Friday, April 3, 2009

The Financial Berlin Wall Comes Down!

Book Rapper has been following closely the Global Financial Meltdown. I still haven't found a definitive book on this to RAP and today's events explain why... It's all still unfolding.


At the G20 summit, world leaders have announced a financial plan that's the equivalent of the Berlin Wall being dismantled.

Their plan signals the end of Bretton Woods!


In short, during WW2, major countries created new financial rules for the world economy in an agreement known as 'Bretton Woods'. They set up the International Monetary Fund (IMF) and other elements that became the World Bank.

Later, the US separated their currency from the gold standard - Richard Nixon in 1971. These were the seeds that produced our current credit crisis.

Today's events put a new agreement in place. A new world order! Very significant.

That's the short view and here's the bigger picture...


There are two big issues here: the financial problems and its cause.

The immediate cause is pretty obvious: too much credit was given to too many people who couldn't afford it.

The bigger picture cause is more interesting. Simply put, America's role as economic superpower is diminishing.

If you think of a relay race, London held the 'financial centre of the world' baton up until the end of the first World War. They were basically broke after WW1, so the US bailed them out and took over the baton.

Breton Woods was the next big milestone - an agreement lead by the US during WW2.

In 1971, another decisive step was made: the US separated their currency from the gold standard. This effectively meant that 'finance' became 'credit' in the sense that it wasn't tied to anything physical.

This was the start of our current crisis - credit gets out of control, the domino effect takes over and we all fall down.


There are a number of books discussing these issues - and no definitive one here either.
For example: Fareed Zakaria's The Post-American World

Today's agreement is a bid to create a new world order.
In The Age article, note the opening line: "British Prime Minister Gordon Brown has declared the end of the "old Washington consensus"".

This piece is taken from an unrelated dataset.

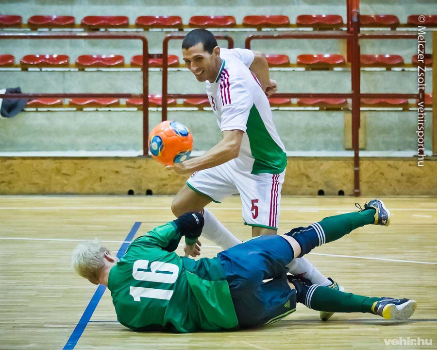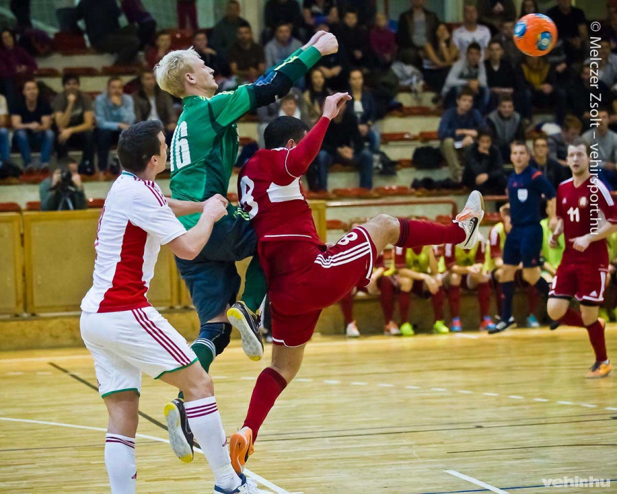 Az első félidőben tompán, sok hibával futsalozott a házigazda, így elsősorban a jó felépítésű játékosokból álló vendég alakulat akarat érvényesült a játéktéren. A 9. percben aztán a vezetést is megszerezték egy közeli szabadrúgás végén. Negyed óra elteltével pedig meg is duplázta előnyét a belorusz együttes, miután Lódi szerencsétlen mozdulattal a saját hálójába fejelte a játékszert.

The baton has been taken from the hands of the US!


This brings us to where do we go next.

The US is not disappearing as an economic power, they simply won't be holding the baton.

Similarly, London is still a major financial centre, just no longer the world centre.

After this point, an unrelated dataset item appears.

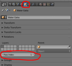 PassINdexFor the the drinking glass and the fluid domain set the PASS INDEX to 1 (object tab). For the water surface set the PASS INDEX to 2. Switch to “Nodes”-View and and select “World” in the bottom toolbar. Use the ID-Mask nodes to isolate a alpha map for the objects with the pass index 1 and two. Then use the “Set Alpha” node to isolate the object from the rendered image. We now can take the result from ID 2 and modify it with RGB curves and make it slightly transparent by using an Alpha Over. We place the result of the isolation in the foreground (lower image input) and the the upper image to black (0/0/0) with Alpha 0. We use the factor to make the water surface transparent. In our case I set this to 0.427. We then combine the water surface and the class with the water again with an Alpha Over and take the result as final render.

One view suggests that China have bailed the US out of the current situation, which puts them in charge of global finance.

Another view suggests
David Thomas' favorites BRIC (Brazil, Russia, India and China), along with London and New York will share the mantle as global centres.

In others words, there won't be a single holder of the baton, more a united holding.

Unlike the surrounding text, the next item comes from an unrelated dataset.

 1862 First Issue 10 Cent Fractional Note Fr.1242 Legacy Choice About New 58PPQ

This makes sense in terms of globalization and interconnected economies.


Today's agreement is a financial landmark.

It's signals the end of one era and the beginning of another.

It might also mean the beginning of the end of our current recession.

In terms of when this whole thing turns around... my opinion...

Innovation is the key driver for business development and growth. Currently innovation is occurring at a faster rate than ever before. And it's accelerating.

I suspect we'll be back on path sooner rather than later and today's agreement will provide the platform for this to occur.